REST API Design: Transitive Inclusion, or Inlining Associated Objects

Transitive Inclusion (Transclusion for short) is a feature of REST APIs useful for clients wishing to get more than just the resource in the URL path, in one request.
We use a query string parameter called inline, or perhaps include, equal to the name of the associated objects to include.

For example, suppose that in a Books API, author objects have associated books.
A request for an author:

GET /authors/12345
{
  "id": 12345,
  "name": "Ralph Ellison"
}

The list of books associated with the author:

GET /authors/12345/books
[
  {
    "id": 1,
    "title": "Invisible Man"
  },
  {
    "id": 2,
    "title": "Juneteenth"
  }
]

We can pass the inline parameter on an author request:

GET /authors/12345?inline=books
{
  "id": 12345,
  "name": "Ralph Ellison",
  "books": [
    {
      "id": 1,
      "title": "Invisible Man"
    },
    {
      "id": 2,
      "title": "Juneteenth"
    }
  ]
}

Note the extra field “books” is included or inlined in the author object.
This way a client app can get the author object and associated books in one request, reducing round-trips. Of course if the objects are small, including the associated objects by default is the best option; this is mostly useful for large, expensive-to-retrieve associated objects.

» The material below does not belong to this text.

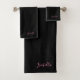 Modern Black Pink Script Name Bath Towel Set. Add your name to this black with pink script text bath towel set and treat yourself like the beautiful person you are.

The transitive inclusion feature can be even more powerful if we get a list of all authors in the API, inlining all of their associated books:

GET /authors?inline=books

Or we can include many associated objects:

GET /authors?include=books,articles

The result is a comprehensive list object, all in one request:

[
  {
    "id": 12345,
    "name": "Ralph Ellison",
    "books": [
      {
        "id": 1,
        "title": "Invisible Man"
      },
      {
        "id": 2,
        "title": "Juneteenth"
      }
    ],
    "articles": [ ... ]
  },
  {
    "id": 67890,
    "name": "Doris Lessing",
    "books": [
      {
        "id": 10,
        "title": "The Golden Notebook"
      },
      {
        "id": 11,
        "title": "The Fifth Child"
      },
      ...
    ],
    "articles": [ ... ]
  },
  ...
]

Such a comprehensive response object can be convenient for an app to build a page listing authors and books, for example; only a single HTTP request can be used .
Note that if the set is large, pagination can be used in addition.